# Totally at a loss for finding a trainer!!!!



## Val-Hi King Timber (Aug 26, 2010)

Timber recently graduated puppy class and we were going to move into intermediate a week and a half later. I went yesterday when classes were supposed to start only to find out that they wouldnt be happening because nobody signed up. What????? Great!!!!!
What do I do now? Ive called some other training places near by but its either their too far away or I cant get anyone to answer phones. Even after I leave messages.
So now here I am with a puppy almost 5 months old and we have no more options to further our training.
What the heck do I do?


----------



## GSDBESTK9 (Mar 26, 2002)

Where are you located?


----------



## Rerun (Feb 27, 2006)

Nobody signed up? Sounds like petsmart or petco?

I would look for a facility that specializes in training. Try google.


----------



## Stosh (Jun 26, 2010)

Goggle 'obedience training club' in your area, should be one fairly close. We live in a rural area and there are several hunting clubs that teach basic obedience as well as retrieving.


----------



## Val-Hi King Timber (Aug 26, 2010)

No it wasnt Petco or anything like that. I refused to take Timber to a place like that. This place was called Doggie Dude Ranch. Its a ranch of show Australian Shepherds and a few show horses.
People are asked to sign up because the trainer who I believe is AKC certified, drives and hour and a half to get to our area.
The sad part was, in our last class the trainer showed us what we would be learning in intermediate. It was solidifying what we already learned and working on focus as we walked (which I love it when I see videos of GSDs doing it on her) turns, downs and stays.

I am located right in between Hot Springs and Malvern AR. But too far away from Little Rock.

Thanks everyone.


----------



## Val-Hi King Timber (Aug 26, 2010)

Here is the link to the dude ranch:

KEP Doggie Dude Ranch - K-9 Dog Obedience - Hot Springs, Arkansas

I have been calling the K 9 Kampus for days now and leaving messages because it looks like the deal alot with GSD's.

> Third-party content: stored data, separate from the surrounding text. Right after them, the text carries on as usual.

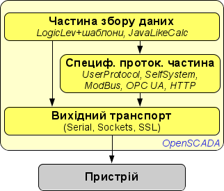 Бібліотеку пристроїв користувацьких протоколів створено для надання доступу до даних промислових пристроїв через мережу із доволі простим протоколом, на кшталт пристроїв загальнопромислової автоматики та лічильників різних ресурсів, із протоколом достатньо простим до реалізації у модулі користувацького протоколу, з використанням наявних комплексних протоколів (ModBus, OPC_UA, HTTP) або безпосередньо на внутрішній мові подібній до Java.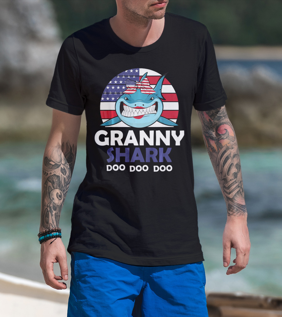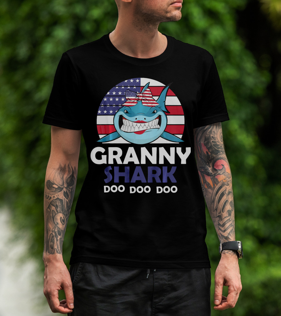 How much will this Granny Shark Doo Doo Doo American Flag Bow Women's Patriotic shirt shrink?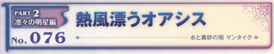 パートは「魔核奪還編」「凛々の明星編」「星喰み編」の内のどれに該当するかが記載、シーンの番号(No.076)とタイトル(熱風漂うオアシス)はゲーム中の「ライブラリ」にある「あらすじ」に対応しています。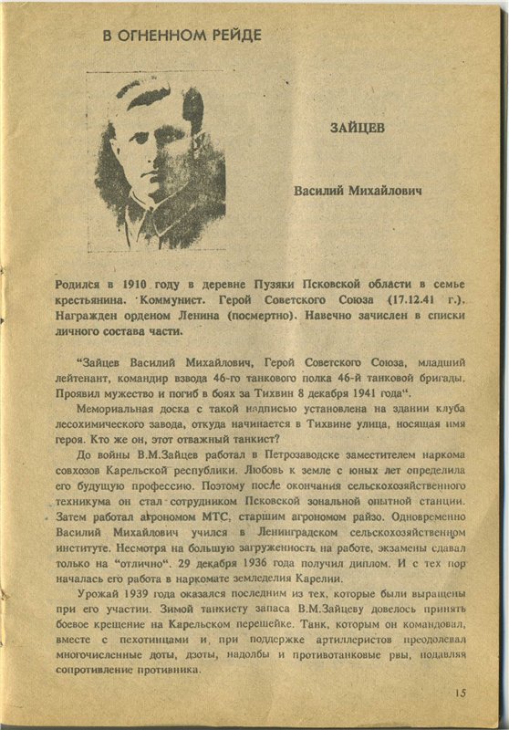...Зайцев остался и стрельбой из пулемёта помогал своим товарищам отбивать вражеский натиск. Он стрелял до тех пор, пока видел цель, пока руки были в силах держать оружие. Младший лейтенант Зайцев В. М. так и сгорел в своём танке, не выходя из боя, накануне дня освобождения Тихвина от гитлеровских захватчиков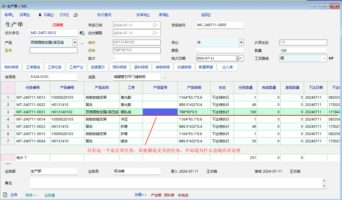 最近发现生产单审核后,产生的工序任务中会出现与生产单无关的工序任务,不知道是什么原因造成的,几乎都个都需要手工删除。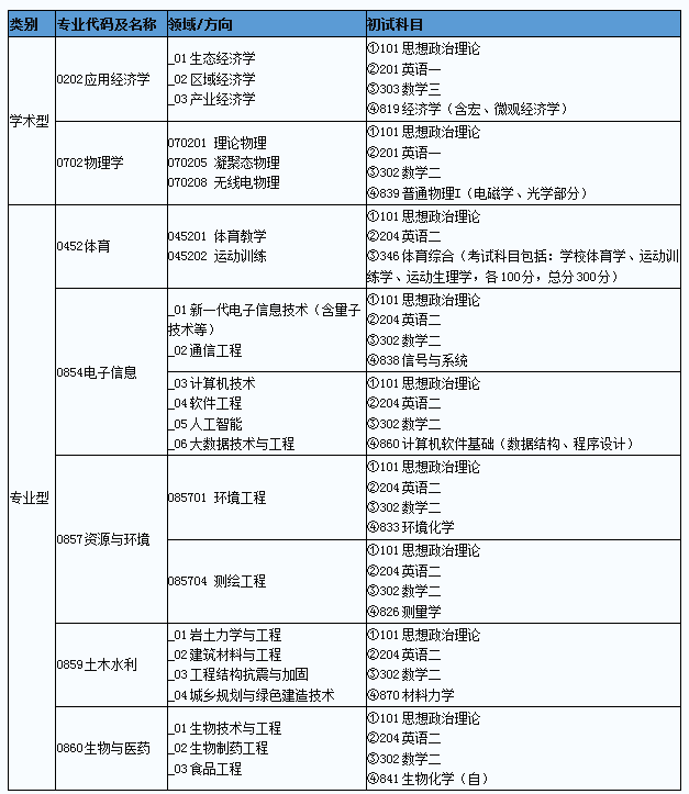 我校2022年新增7個一級學(xué)科碩士授權(quán)點,相關(guān)專業(yè)信息及初試科目如下表,更具體的招生要求、專業(yè)目錄及參考書目詳見我校2022年碩士研究生招生簡章。

I finally got someone to call me back but I missed their call. They left a home # as well this time though. Ive been calling twice a day and NOTHING!!!
The Cactus Rock one I think is no longer in business. No working numbers.


----------



## Cassidy's Mom (Mar 30, 2003)

Val-Hi King Timber said:


> I am located right in between Hot Springs and Malvern AR. But too far away from Little Rock.


If you put your general location (at least the state, and maybe the nearest major city or metropolitan area), in your profile it will make it easier for people to answer your question without having to keep asking where you live.  I didn't even know you lived in Arkansas, and if you hadn't mentioned Little Rock I still wouldn't have because I'm not familar with the other two cities you mentioned.


----------



## DensterNY (Feb 1, 2010)

Well, training classes are not really for the dogs but to teach owners how to train their dogs so as you are searching for classes there are plenty of good resources (books, dvds, online videos) for you to continue training your dog.

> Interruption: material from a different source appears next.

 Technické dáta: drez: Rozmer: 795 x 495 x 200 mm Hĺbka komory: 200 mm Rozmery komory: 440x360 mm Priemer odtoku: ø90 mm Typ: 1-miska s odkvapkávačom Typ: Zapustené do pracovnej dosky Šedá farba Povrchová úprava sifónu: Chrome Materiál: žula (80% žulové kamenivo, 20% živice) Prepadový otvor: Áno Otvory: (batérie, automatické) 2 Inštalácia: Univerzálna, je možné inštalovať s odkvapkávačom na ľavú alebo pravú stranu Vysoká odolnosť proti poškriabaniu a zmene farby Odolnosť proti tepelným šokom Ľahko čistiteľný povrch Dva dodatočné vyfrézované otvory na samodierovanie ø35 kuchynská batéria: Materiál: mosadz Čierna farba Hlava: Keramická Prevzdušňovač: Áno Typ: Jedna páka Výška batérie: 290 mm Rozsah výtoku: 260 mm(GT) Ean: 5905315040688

Here are two books that I highly recommend: 
The Power of Positive Dog training - by Pat Miller
Amazon.com: The Power of Positive Dog Training (9780470241844): Pat Miller: Books: Reviews, Prices & more

How to Behave so Your Dog Behaves
Amazon.com: How to Behave So Your Dog Behaves (9780793806447): Sophia Yin: Books: Reviews, Prices & more

There are also tons of great videos on Youtube (many of them shared on this site) which showcases every command or issue that you may be interested in. 

The only problem with this approach is that you have to be highly self-motivated as you don't have an instructor or a class environment to encourage you to train. However, if you can manage this then really just set out to train the basics: sit, down, stay, heel, settle, leave it, drop it, wait, go sniff, watch me, off, look at that, take it, fetch, etc... 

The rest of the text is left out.